[Given data]
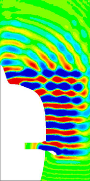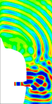 A A A Basic investigation of sound field inside and outside ear canal under ultrasound irradiation Yuya Ogawa 1 Department of Electrical Engineering, College of Science and Technology, Nihon University, Japan 11-2-3, Kanda-Surugadai, Chiyoda-ku, Tokyo 101-8308, Japan Ayumu Osumi 2 Department of Electrical Engineering, College of Science and Technology, Nihon University, Japan 11-2-3, Kanda-Surugadai, Chiyoda-ku, Tokyo 101-8308, Japan Youichi Ito 3 Department of Electrical Engineering, College of Science and Technology, Nihon University, Japan 11-2-3, Kanda-Surugadai, Chiyoda-ku, Tokyo 101-8308, Japan ABSTRACT In recent years, high-intensity airborne ultrasound applied technology has been developed actively. Accordingly, there are concerns about the effects of sound wave exposure by high-intensity air- borne ultrasound. The sound wave intensity is different near the entrance of the ear canal and near the eardrum, because the wavelength is short in the ultrasound region. Therefore, it is nec- essary to know accurately the sound pressure at the eardrum position in considering the effects of sound waves exposure by ultrasound. However, it is difficult to measure sound pressure near the eardrum with a probe microphone because it may damage the ear canal and eardrum. Against this background, we have studied the sound pressure characteristics inside and outside the ear canal when airborne ultrasound is exposed to the mannequin head (KEMAR) with a pseudo-ear canal created to imitate the dimensions of the human ear canal. And, we have attempted to estimate the sound pressure value near the eardrum using the sound pressure in the ear canal. In this report, we verified the sound field inside and outside the ear canal and the sound pressure near the ear- drum, when ultrasound (frequency:20 kHz) were irradiated to the mannequin head. 1. INTRODUCTION Many technologies using a high-intensity airborne ultrasound have been studied. In addition, the devices that can radiate the high-intensity airborne ultrasound to realize applied technology are also developed. [1-6]. As examples, there are parametric speakers [7,8]that are super-directional speakers, airborne ultrasound phased arrays [9] that can perform high-speed electronic scanning, and devices [10,11] that can emit extremely the high-intensity airborne ultrasound. On the other hand, the ultra- 1 csyu21008@g.nihon-u.ac.jp 2 osumi.ayumu@nihon-u.ac.jp worm 2022 sound exposure by the high-intensity airborne ultrasound used in these techniques has become a prob- lem. Therefore, various safety standards for ultrasound exposure have been studied [12-17]. One of evaluation of ultrasound exposure is an evaluation of sound pressure at the eardrum. The sound pres- sure near the eardrum often does not match the sound pressure near the entrance to the ear canal. The reason for this is that the wavelength of the sound wave is short in the ultrasound region. Therefore, in order to verify the effect of ultrasound exposure, it is necessary to accurately measure the sound pressure at the eardrum. worm 2022 In order to verify the sound pressure near the eardrum, we proposed to evaluate the sound pressure inside and outside the ear canal when the mannequin head is irradiated with airborne ultrasounds. In this report, the sound field formed in the ear canal was verified by the measurement and the analysis. 2. Simulation of ultrasound exposure using pulsed ultrasound 2.1. Analysis procedure (a): Schematic view. (b): Cross section view. Figure 1: Simulation model. Figure 1(a) and (b) show the analytical model. Fig. 1(a) shows a schematic view and Fig. 1 (b) shows a cross-sectional view. (a) Pseudo-auricular. (b) Pseudo-ear canal. Figure 2: Pseudo-auricular and pseudo-ear canal. Figure 2(a) and (b) show the pseudo-auricular and pseudo-ear canal used in the analysis. Here, the head model used in the analysis is simulated of a mannequin head (GRAS, KEMAR Type 45BA), as shown in Fig. 1, with pseudo-auricular and pseudo-ear canal structures as shown in Fig. 2(a) and Fig. 2(b). In the analysis, as shown in Fig. 1 (b), the plane shaped ultrasound is set to be irradiated from the front direction of the mannequin head. In addition, the analysis area of the sound field distribution is around the head and the ear canal. The material of the mannequin head was water (sound velocity: 1500 m/s, density: 997 kg/m3), simulating a human head, and an air medium (sound velocity: 340 m/s, density: 1.293 kg/m3) in the other areas. Other analysis conditions are shown in Table.1. worm 2022 Table.1: Analysis conditions Mesh type Free tetrahedral Mesh size 3.4 mm Number of element Approx.320000 Time resolution 1 us Input cycle 7 waves The COMSOL Multiphysics (ver. 5.6) finite element method software was used for the acoustic analysis. 3. Result and discussion _ ae a— | = S—— a — —_—.. — i= _. = — = = = ——- 3.1. The sound field around the head Aut): Apt aan (a) (b) (c) Figure 3: Observation of pulse ultrasound propagation around head. Figure 3 shows an image of ultrasound propagating around the head. Fig. 3(a)-(c) are images at each time periods. First, sound waves arriving at the head are divided into two types. One is sound waves that goes directly to the auricular (Primary wave). The other is a sound wave that propagates to the auricular while diffracting along the side surface of the head (Succeeding wave), (Fig. 3(a)). Subsequently, a part of the primary wave that reaches the auricle enters the ear canal. In addition, a part of the primary wave is reflected by the auricle and interferes with the succeeding wave. Sound waves entering the ear canal is reflected by the eardrum and interfere with the succeeding wave to form standing waves. worm 2022 3.2. The sound field formed inside the ear canal Based on the simulation results verified in Section 3.1, we performed a detailed verification of the sound field in the ear canal. This verification was performed both by analysis and 
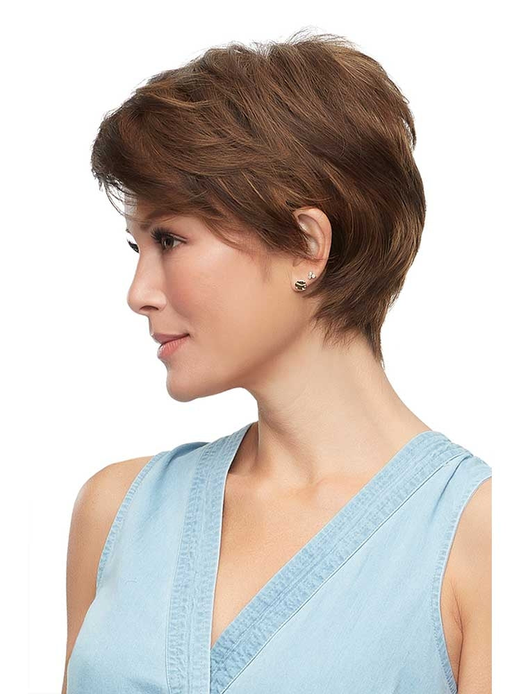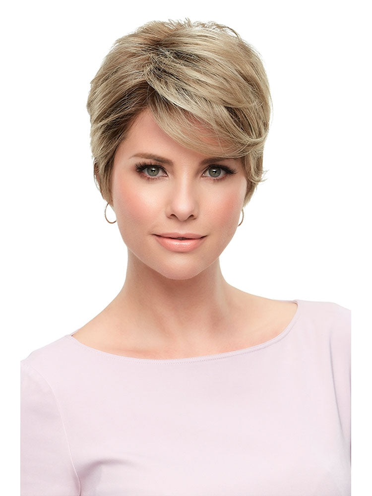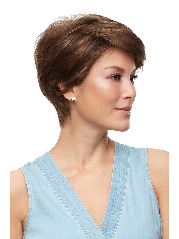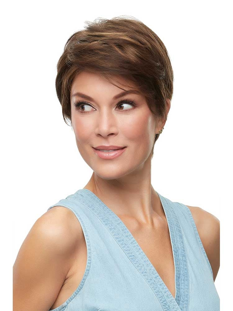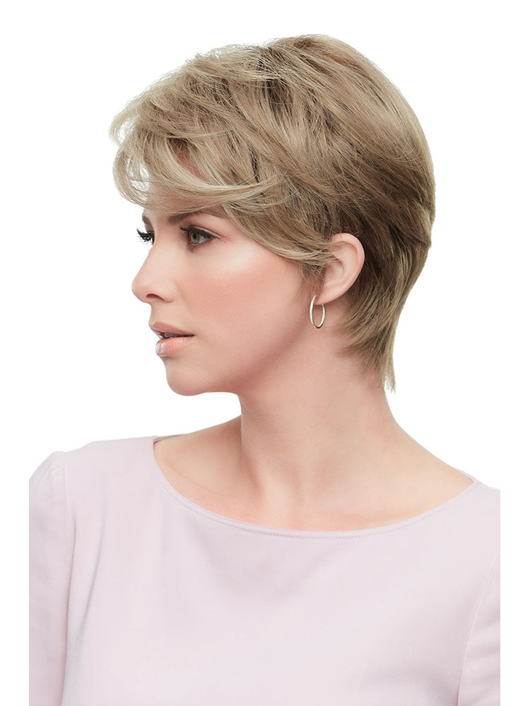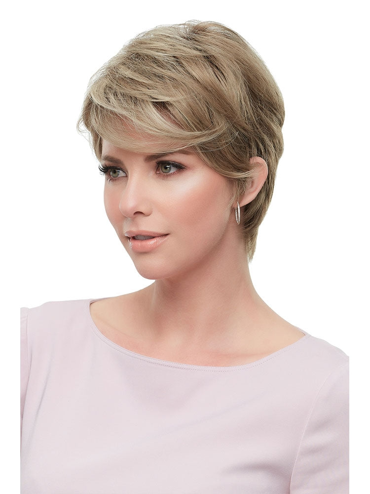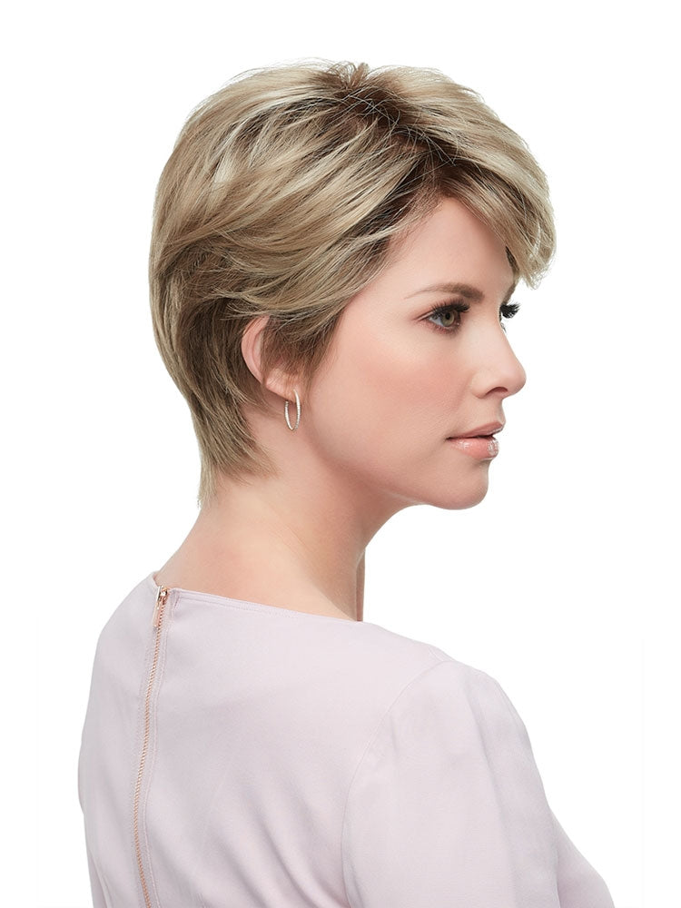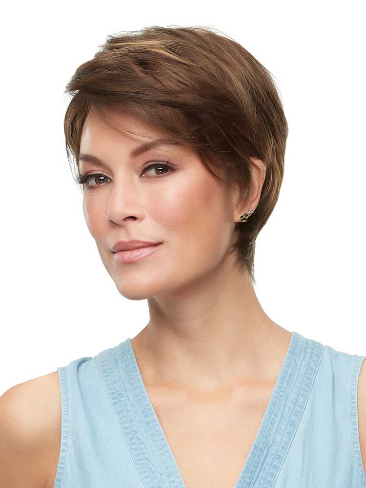 The Rose wig by Jon Renau has a long fringe on this short-layered crop to create a remarkable variety of sophisticated looks. The SmartLace hairline and monofilament top provide a supremely natural appearance and feel.
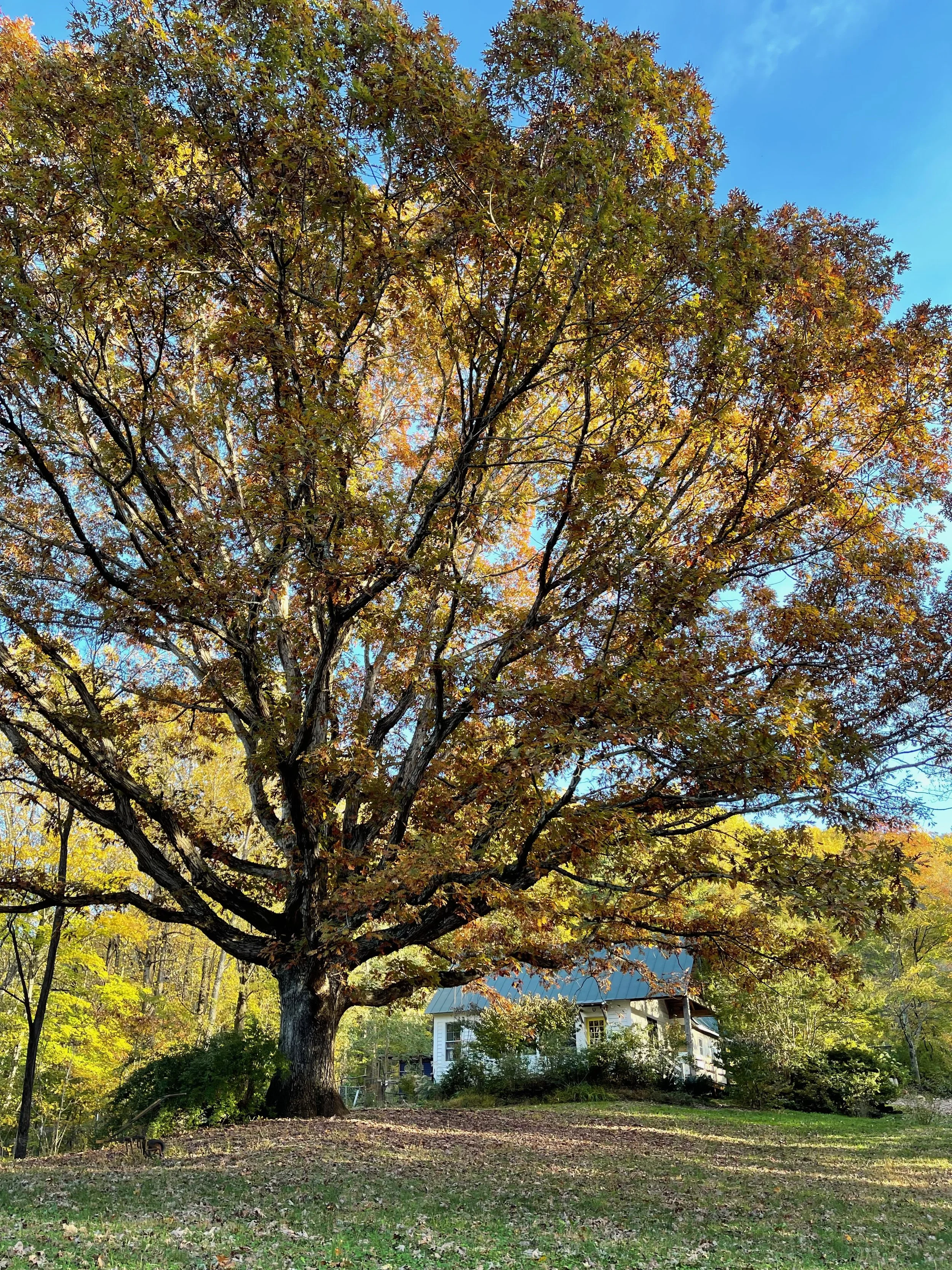 Mountain Views, majestic oak tree, miniature goats and regular sized chickens.

[The problem]
Please write out every line of the listing above exactly, and leave the images behind.

[Solution to this problem]
 A A A Basic investigation of sound field inside and outside ear canal under ultrasound irradiation Yuya Ogawa 1 Department of Electrical Engineering, College of Science and Technology, Nihon University, Japan 11-2-3, Kanda-Surugadai, Chiyoda-ku, Tokyo 101-8308, Japan Ayumu Osumi 2 Department of Electrical Engineering, College of Science and Technology, Nihon University, Japan 11-2-3, Kanda-Surugadai, Chiyoda-ku, Tokyo 101-8308, Japan Youichi Ito 3 Department of Electrical Engineering, College of Science and Technology, Nihon University, Japan 11-2-3, Kanda-Surugadai, Chiyoda-ku, Tokyo 101-8308, Japan ABSTRACT In recent years, high-intensity airborne ultrasound applied technology has been developed actively. Accordingly, there are concerns about the effects of sound wave exposure by high-intensity air- borne ultrasound. The sound wave intensity is different near the entrance of the ear canal and near the eardrum, because the wavelength is short in the ultrasound region. Therefore, it is nec- essary to know accurately the sound pressure at the eardrum position in considering the effects of sound waves exposure by ultrasound. However, it is difficult to measure sound pressure near the eardrum with a probe microphone because it may damage the ear canal and eardrum. Against this background, we have studied the sound pressure characteristics inside and outside the ear canal when airborne ultrasound is exposed to the mannequin head (KEMAR) with a pseudo-ear canal created to imitate the dimensions of the human ear canal. And, we have attempted to estimate the sound pressure value near the eardrum using the sound pressure in the ear canal. In this report, we verified the sound field inside and outside the ear canal and the sound pressure near the ear- drum, when ultrasound (frequency:20 kHz) were irradiated to the mannequin head. 1. INTRODUCTION Many technologies using a high-intensity airborne ultrasound have been studied. In addition, the devices that can radiate the high-intensity airborne ultrasound to realize applied technology are also developed. [1-6]. As examples, there are parametric speakers [7,8]that are super-directional speakers, airborne ultrasound phased arrays [9] that can perform high-speed electronic scanning, and devices [10,11] that can emit extremely the high-intensity airborne ultrasound. On the other hand, the ultra- 1 csyu21008@g.nihon-u.ac.jp 2 osumi.ayumu@nihon-u.ac.jp worm 2022 sound exposure by the high-intensity airborne ultrasound used in these techniques has become a prob- lem. Therefore, various safety standards for ultrasound exposure have been studied [12-17]. One of evaluation of ultrasound exposure is an evaluation of sound pressure at the eardrum. The sound pres- sure near the eardrum often does not match the sound pressure near the entrance to the ear canal. The reason for this is that the wavelength of the sound wave is short in the ultrasound region. Therefore, in order to verify the effect of ultrasound exposure, it is necessary to accurately measure the sound pressure at the eardrum. worm 2022 In order to verify the sound pressure near the eardrum, we proposed to evaluate the sound pressure inside and outside the ear canal when the mannequin head is irradiated with airborne ultrasounds. In this report, the sound field formed in the ear canal was verified by the measurement and the analysis. 2. Simulation of ultrasound exposure using pulsed ultrasound 2.1. Analysis procedure (a): Schematic view. (b): Cross section view. Figure 1: Simulation model. Figure 1(a) and (b) show the analytical model. Fig. 1(a) shows a schematic view and Fig. 1 (b) shows a cross-sectional view. (a) Pseudo-auricular. (b) Pseudo-ear canal. Figure 2: Pseudo-auricular and pseudo-ear canal. Figure 2(a) and (b) show the pseudo-auricular and pseudo-ear canal used in the analysis. Here, the head model used in the analysis is simulated of a mannequin head (GRAS, KEMAR Type 45BA), as shown in Fig. 1, with pseudo-auricular and pseudo-ear canal structures as shown in Fig. 2(a) and Fig. 2(b). In the analysis, as shown in Fig. 1 (b), the plane shaped ultrasound is set to be irradiated from the front direction of the mannequin head. In addition, the analysis area of the sound field distribution is around the head and the ear canal. The material of the mannequin head was water (sound velocity: 1500 m/s, density: 997 kg/m3), simulating a human head, and an air medium (sound velocity: 340 m/s, density: 1.293 kg/m3) in the other areas. Other analysis conditions are shown in Table.1. worm 2022 Table.1: Analysis conditions Mesh type Free tetrahedral Mesh size 3.4 mm Number of element Approx.320000 Time resolution 1 us Input cycle 7 waves The COMSOL Multiphysics (ver. 5.6) finite element method software was used for the acoustic analysis. 3. Result and discussion _ ae a— | = S—— a — —_—.. — i= _. = — = = = ——- 3.1. The sound field around the head Aut): Apt aan (a) (b) (c) Figure 3: Observation of pulse ultrasound propagation around head. Figure 3 shows an image of ultrasound propagating around the head. Fig. 3(a)-(c) are images at each time periods. First, sound waves arriving at the head are divided into two types. One is sound waves that goes directly to the auricular (Primary wave). The other is a sound wave that propagates to the auricular while diffracting along the side surface of the head (Succeeding wave), (Fig. 3(a)). Subsequently, a part of the primary wave that reaches the auricle enters the ear canal. In addition, a part of the primary wave is reflected by the auricle and interferes with the succeeding wave. Sound waves entering the ear canal is reflected by the eardrum and interfere with the succeeding wave to form standing waves. worm 2022 3.2. The sound field formed inside the ear canal Based on the simulation results verified in Section 3.1, we performed a detailed verification of the sound field in the ear canal. This verification was performed both by analysis and 
 The Rose wig by Jon Renau has a long fringe on this short-layered crop to create a remarkable variety of sophisticated looks. The SmartLace hairline and monofilament top provide a supremely natural appearance and feel.
 Mountain Views, majestic oak tree, miniature goats and regular sized chickens.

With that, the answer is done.